NetBSD's Linux system call (syscall) emulation provides near seamless ability to run Linux binaries, but traditionally it has been hard to answer the question "will it work with program X?" This Google Summer of Code Project aims to put a dent in that issue by taking a more systematic approach to syscall implementation by using real-world programs to gauge which syscalls are worth implementing, and not use them to decide when a syscall is done. Additionally, a comprehensive test suite (the Linux Test Project) was ported and support was added to test emulation using NetBSD's test suite (ATF(7)).
A full diff of the changes to the main source tree can be found here, and a full diff of the main pkgsrc tree an be found here.
The following table summarizes the status of the deliverables from the original proposal as of 25 August 2023.
Deliverable | Status |
---|---|
Implement getrandom(2) | Merged |
Implement waitid(2) | Merged |
Implement epoll_create(2), epoll_create1(2), epoll_ctl(2), epoll_wait(2), epoll_pwait(2), epoll_pwait2(2) | Merged (also) and then partially removed |
Implement memfd_create(2) | Merged (also, also) |
Implement inotify_init(2), inotify_init1(2), inotify_add_watch(2), inotify_rm_watch(2) | Merged (also, also, also) |
Implement readahead(2) | Merged |
Implement newfstatat(2) | Merged |
Implement statx(2) | Merged |
Implement close_range(2) | Merged |
Implement ioprio_set(2) | Not feasible |
Package the Linux Test Project | Done, not yet merged |
Document system call versioning (extra) | Merged (rendered) |
Add support Linux emulation testing in ATF(7) (extra) | Merged |
As expected, many of the implementation plans from the original proposal turned out to be flawed.
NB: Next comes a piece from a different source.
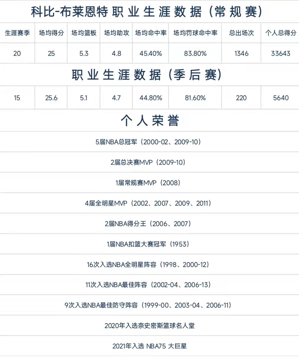 科比-布莱恩特职业生涯20个赛季,共获得5届 NBA 总冠军,2次奥运会冠军,2届总决赛 MVP,1届常规赛 MVP,4届全明星 MVP,1届扣篮大赛冠军,16次入选 NBA 全明星阵容,11次入选 NBA 最佳阵容,9次入选最佳防守阵容。

This section outlines how the syscalls were actually implemented, and some of the limitations of the implementations.
memfd_create(2) was implemented directly in terms of uvm(9) operations, in particular the backing is provided by a uvm_object created by uao_create(9). Since it was convenient, we also decided to make it a native NetBSD syscall. As was pointed out, the memfd_create(2) does not currently have any limits that can be imposed from the outside.
The epoll_*(2) syscalls were implemented by directly porting FreeBSD's Linux compatibility version. It is implemented as argument translation over kqueue(2)'s EVFILT_READ and EVFILT_WRITE, and so it necessitated versioning kqueue(2) to more closely match FreeBSD (hence why I also wrote a man page for syscall versioning). Unfortunately this design suffers from the limitation that an epoll file descriptor under Linux emulation will not survive a fork(2). After some initial discussion I decided to also add native NetBSD stubs to allow for better testing, but this proved to be controversial. Although despite this limitation, the epoll implementation is sufficient to allow a large swath of programs (ie. Go programs) to run.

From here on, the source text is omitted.